It seems HandBrake is installed but I don't get the "Illegal instruction" part


----------



## shkhln (Feb 11, 2020)

Is that on old PC?


----------



## joplass (Feb 11, 2020)

The PC itself is Pentium duo, RAM is 4G with a 250G SSD.  Could that be an issue?  Everything worked great prior to 12.1.


----------



## shkhln (Feb 11, 2020)

Pentium is a bit too vague.



joplass said:


> Could that be an issue?



Maybe.


----------



## ralphbsz (Feb 11, 2020)

The brandname "Pentium Duo" is old, and I think most of then were 32-bit architecture. Could it be that you have a mixup between 32- and 64-bit software here?
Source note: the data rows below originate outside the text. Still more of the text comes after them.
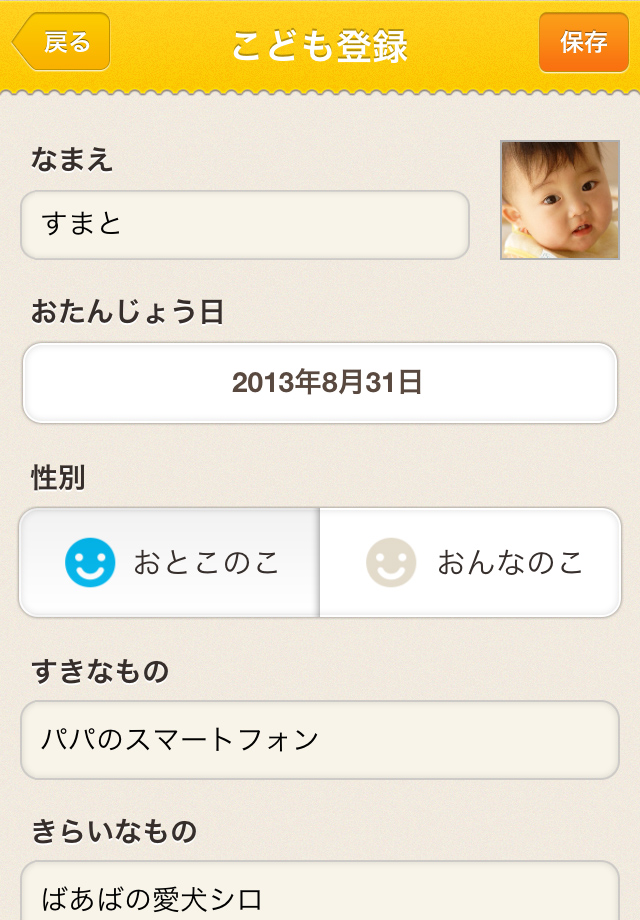 かわいい赤ちゃんや子どもの成長を写真とともに簡単に記録し、家族で共有ができるアプリ。
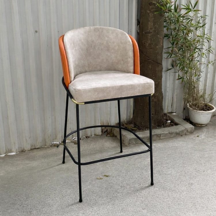 Phần khung của sản phẩm được gia công từ sắt sơn tĩnh điện, đảm bảo độ cứng vững, chịu lực tốt và hạn chế gỉ sét trong quá trình sử dụng lâu dài. Cấu trúc chân cao đi kèm thanh gác chân tiện lợi giúp người ngồi giữ tư thế thoải mái, đặc biệt phù hợp với bàn bar, quầy pha chế hoặc bàn đảo bếp gia đình. Điểm thu hút của mẫu ghế nằm ở phần mặt ngồi và tựa lưng bọc nệm êm ái. Thiết kế bo cong nhẹ theo đường lưng tạo cảm giác dễ chịu khi ngồi lâu.
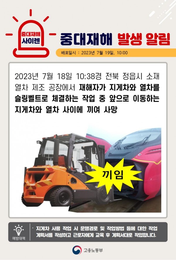 <중대재해>지게차와 열차 슬링벨트 체결 중 끼임사망 페이지 정보 작성자 안전경영컨설팅 작성일23-08-31 16:39 조회5,204회 댓글0건 관련링크 이전글 다음글 목록 본문 . 댓글목록 등록된 댓글이 없습니다. 이전글 다음글 목록
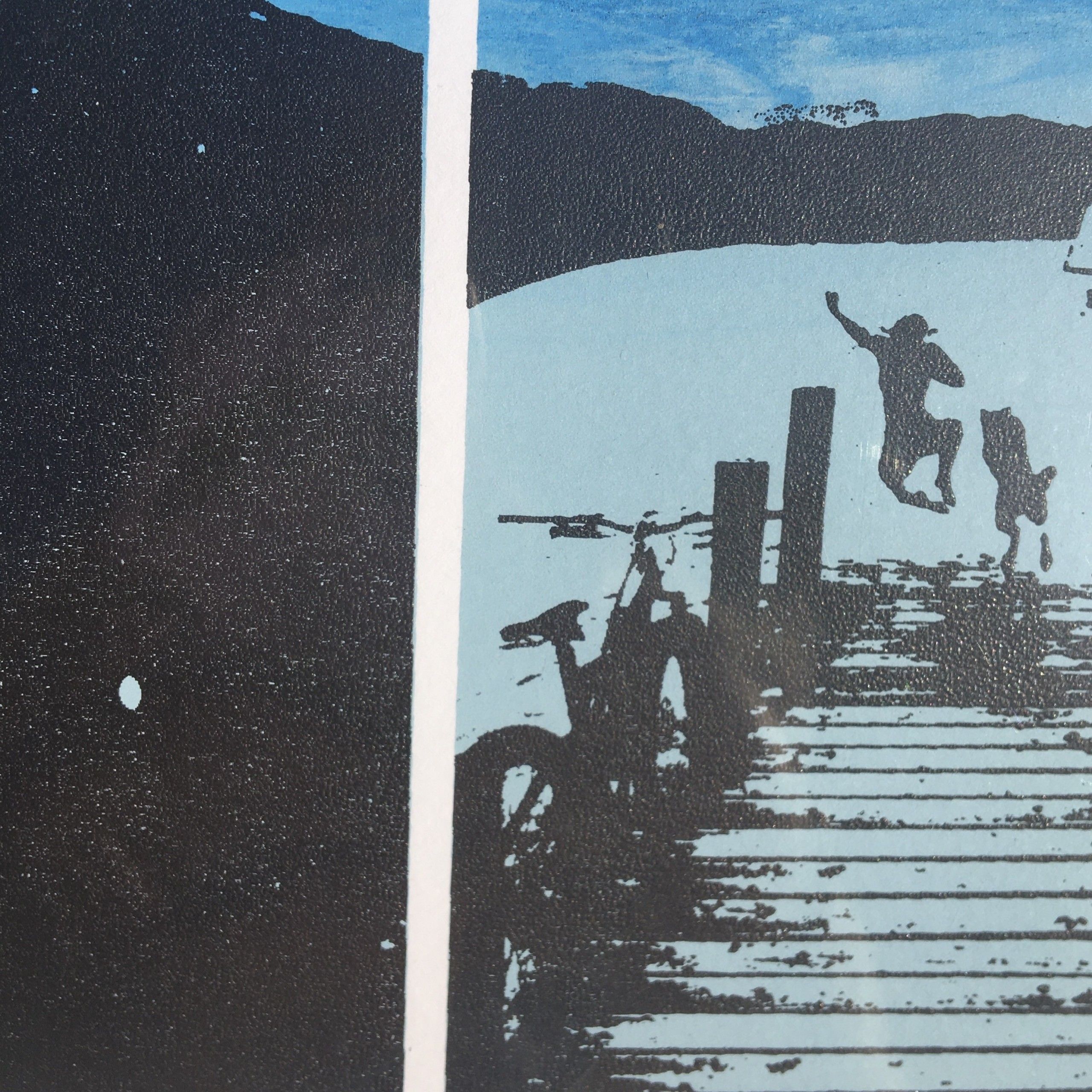 This print has now sold out but please have a look at the many other prints by Katie Edwards available at Wychwood Art. 'Summer Nights' - Original Silkscreen Print by Katie Edwards. This piece is part of a collection of Mountain Bike themed silkscreen prints that came about from a collective project
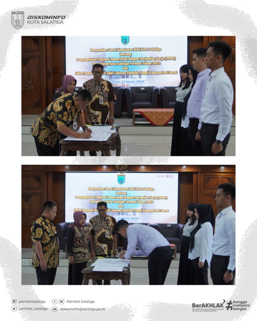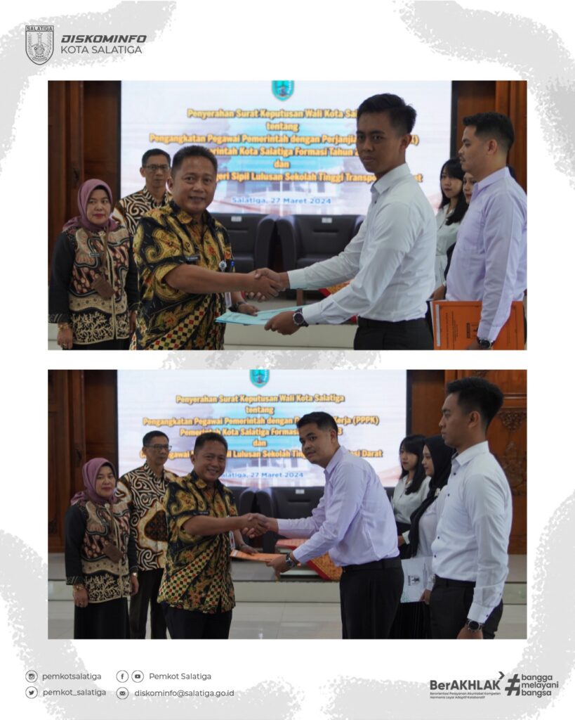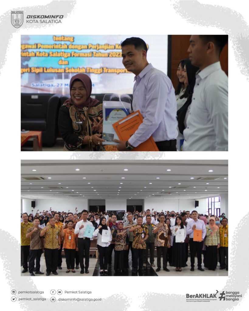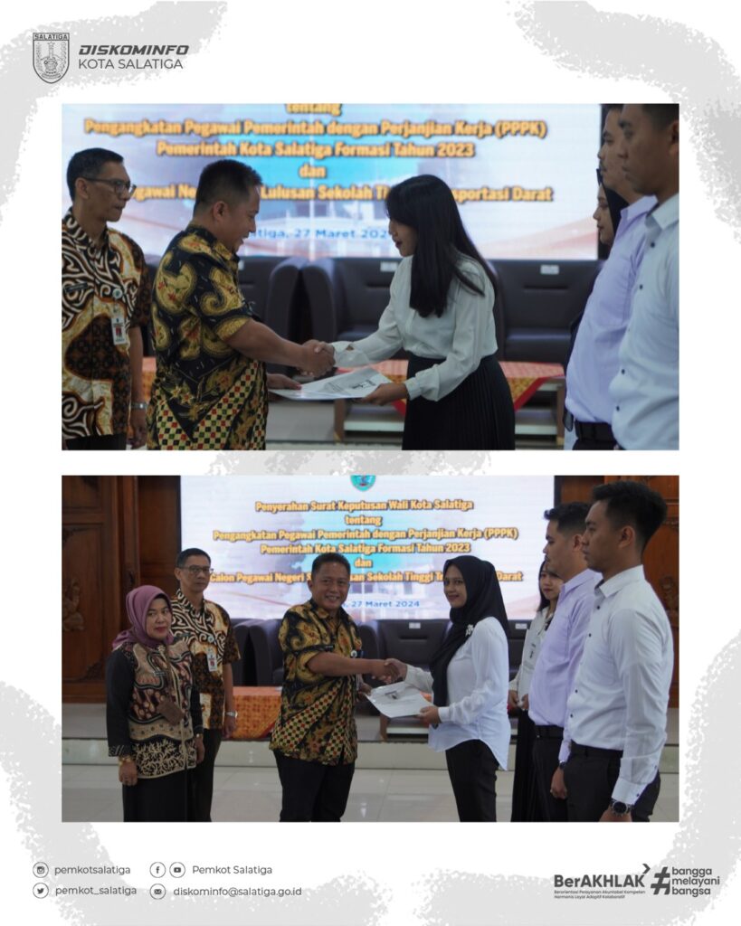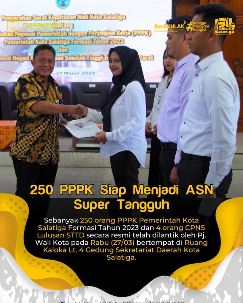 Pj. Wali Kota Salatiga, Yasip Khasani, S.IP., M.M., mengingatkan kepada ASN yang baru saja dilantik untuk dapat menjalankan Amanah dan tanggung jawab dengan sebaik-baiknya. “Oleh karena itu Bapak dan Ibu, untuk PPPK maupun CPNS ini diharapkan mampu menjalankan tugas dan fungsinya secara professional, bertanggung jawab, berdedikasi tinggi, serta amanah sebagai abdi masyarakat dan senantiasa berkomitmen memberikan pelayanan prima sesuai dengan core value BerAKHLAK. Sehingga nanti selama masa evaluasi saya akan memasang telinga lebar-lebar, bagaimana perilaku panjenengan semua sebagai ASN. Tak kalah penting, panjenengan harus terus meningkatkan kapasitas dengan melakukan pelatihan-pelatihan baik yang formal maupun informal.”

Other than that, I think even in 12.X, there should be full support (including ports) for 32-bit x86 architecture, right?


----------



## shkhln (Feb 11, 2020)

I was thinking about AVX instructions actually…


----------



## joplass (Feb 11, 2020)

Machine is 64-bit not sure about mixing software.  I know I intentionally did not install anything 32-bit stuff, at least I haven't had a need that could have led me to go looking for 32-bit programs.


----------



## joplass (Feb 11, 2020)

shkhln said:


> I was thinking about AVX instructions actually…



Please elaborate.


----------



## SirDice (Feb 12, 2020)

__





						Advanced Vector Extensions - Wikipedia
					






					en.wikipedia.org


----------



## joplass (Feb 13, 2020)

Thanks SirDice but out of my league.  I will do some clean up on that machine this weekend.  Hope that helps.  I will hate to think re-installation that machine is nicely setup.


----------



## SirDice (Feb 13, 2020)

The short gist of it is that these are new instructions that are only available from a certain CPU and onward. Compilers translate source code to CPU instructions and may assume those instructions are available.  When you try to run that application on a CPU that doesn't have those instructions it will throw an exception which usually results in the application crashing. 

The trick is to tell the compiler it cannot use those instructions and recompile the code. In your case you could try to build HandBrake from ports.


----------



## joplass (Feb 14, 2020)

Thanks for the follow up and for the advice.


----------



## joplass (Feb 17, 2020)

In my quest to have HandBrake working, I rolled back to 12.0 and borked the installation completely.  Which showed my lack of knowledge in all things FreeBSD.  I almost gave up on the OS until I decided to install 12.1 brand new and try an all out DE instead of a WM.  Everything went well and I have to say Gnome3 is showing me what I have been since I started "dabbing" into FreeBSD.  I haven't used a DE for at least 10 years. 

I will hang out with Gnome3 for a while until I am comfortable with this OS before migrating back to spectrwm.  Right from Nautilus and I can ftp to any of my boxes and life is good.   

P.S. HandBrake and Avidemux are working just fine now on Gnome3. 

My apologies for giving you guys some unnecessary headaches.


----------